Lacking sounds to train their artificial intelligence (AI) models, French companies and laboratories of voice techniques (“Voicetech”) will launch a campaign to ask French speakers to give away a little of their voice for free, AFP was told. Karel Bourgois, head of the Voice Lab.
About thirty players in the field have combined their strengths in this association to bring together their data sets, or “datasets”: thousands of hours of recorded voices, necessary to feed and improve voice AI models. “Together, we have collected 9,000 hours. But we are the start-ups and SMEs facing faculties like Microsoft or Google, which has millions of hours on YouTube.
In France, +datasets+ are limited in number and often unlicensed for commercial use, hence the difficulty of training AIs. “Recently, a young researcher spent two years compiling his data,” laments the founder of the start-up Voxist.
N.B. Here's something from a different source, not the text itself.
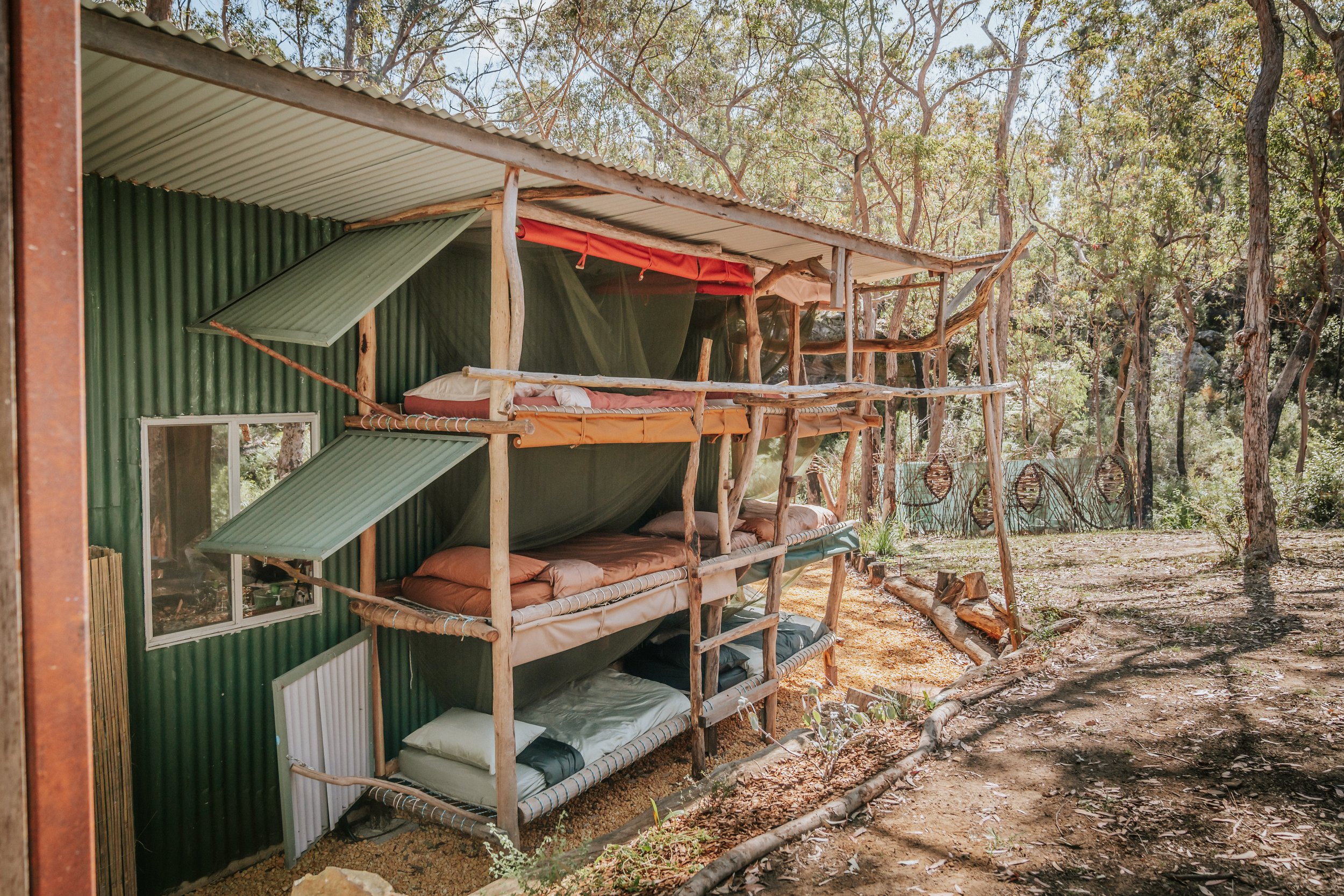 A snug open-air sleep space that keeps you close to the sounds and feel of the bush while still protected. A unique off-grid experience for guests who want something memorable, simple and deeply connected to nature.

On a common voice platform, in French, anyone can read and record the text.
Also, in September, he will launch a campaign for a new version of the tool, which will “collect more natural voices by volunteering to answer questions”. Another track with the human-our lab is the “Listening to Talk” project: a truck driving through France to record voices, rather than voices from radios or televisions.
The Voice Lab has been in discussions with Radio France, France Televisions and INA, but is coming up against legal ambiguity regarding the concept of AI being used for training purposes. In 2021, the Voice Lab won a public call for projects and received 4.7 million euros over 5 years to compile voice data, develop common models, and demonstrate services to its members, for research purposes or for business.
“Voicetech”, a growing field revolutionized by AI, includes voice recognition and synthesis, emotion analysis, speaker identification, oral transcription of texts, de-accentuation, or imitations and voice modification, including in real-time.
These techniques are of interest to the general public and to large groups that want to use voice as an identifier or automate call centers. In January, Microsoft presented VALL-E, an AI model that can imitate a voice from a 3-second recording.